Editor's note: What follows is an updated response to this question in light of the Texas Railroad Commission's August 2008 ruling on a force pooling case. (For a report on that decision, click here.) Our original response remains further below for historical context.
You can be force pooled into a drilling unit, but you still can't be forced to sign a lease. In August 2008 the Railroad Commission granted a request from Finley Resources to force pool an east Fort Worth neighborhood. It was the first time the commission used the Mineral Interest Pooling Act of 1965 to force a small property owner into a unit whether he wanted in or not. The statute previously had been used occasionally to allow a small property owner to force his way into a unit against the wishes of the larger property owner. In its ruling, the commission required that Finley and its partners, Chesapeake Energy and Dale Resources, to pay unleased property owners a 20 percent royalty on the value of production. In addition to that, the companies also must pay unleased property owners a working interest on the remaining 80 percent of production after costs are recouped.

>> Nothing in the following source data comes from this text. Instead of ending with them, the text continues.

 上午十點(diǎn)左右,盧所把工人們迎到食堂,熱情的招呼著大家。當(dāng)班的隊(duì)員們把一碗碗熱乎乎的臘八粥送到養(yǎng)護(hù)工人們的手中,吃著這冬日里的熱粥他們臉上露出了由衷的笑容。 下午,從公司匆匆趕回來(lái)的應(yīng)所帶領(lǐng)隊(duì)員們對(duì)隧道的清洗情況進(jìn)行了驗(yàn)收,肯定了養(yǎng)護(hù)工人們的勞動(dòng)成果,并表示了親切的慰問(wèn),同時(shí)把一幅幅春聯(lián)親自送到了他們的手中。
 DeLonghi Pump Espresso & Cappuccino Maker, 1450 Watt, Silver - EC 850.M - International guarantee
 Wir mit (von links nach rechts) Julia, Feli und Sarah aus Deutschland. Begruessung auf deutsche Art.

Here's our original response, based on information we received from the Texas Railroad Commission in October 2007:
First, Texas does not allow “force pooling” for what is called “primary production.” Primary production is the initial drilling and development of a field. The Barnett Shale is under “primary development” now.
Texas does allow forced pooling for “secondary production,” an example of which is when water is injected into an older reservoir (called waterflooding) to boost production.

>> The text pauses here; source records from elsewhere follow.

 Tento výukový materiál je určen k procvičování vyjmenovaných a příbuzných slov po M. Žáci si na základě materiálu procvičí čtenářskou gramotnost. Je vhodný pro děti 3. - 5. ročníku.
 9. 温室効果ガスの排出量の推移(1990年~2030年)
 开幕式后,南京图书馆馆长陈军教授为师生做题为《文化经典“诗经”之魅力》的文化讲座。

Oklahoma, by the way, does allow force pooling for primary production.
Regarding the lease: A landowner who does not sign a lease cannot be forced to participate in a lease. The unleased property may not be included in the operator’s lease acreage when applying for a drilling permit. (This could present a problem if there are a number of unleased properties in a small area, since the operator might not be able to put together enough contiguous acreage to allow a well.) In addition, the well bore may not pass directly beneath the unleased property, and it must remain at least 330 feet from their property line. If it comes closer than that, the operator must ask the Railroad Commission for an exception to this spacing rule. The unleased property owner could protest the exception, and there would be a hearing. Finally, if a landowner does not sign a lease and the well is drilled anyway, the landowner may then ask to be included in the lease. If the operator refuses, the landowner may petition the Railroad Commission to be included in the lease.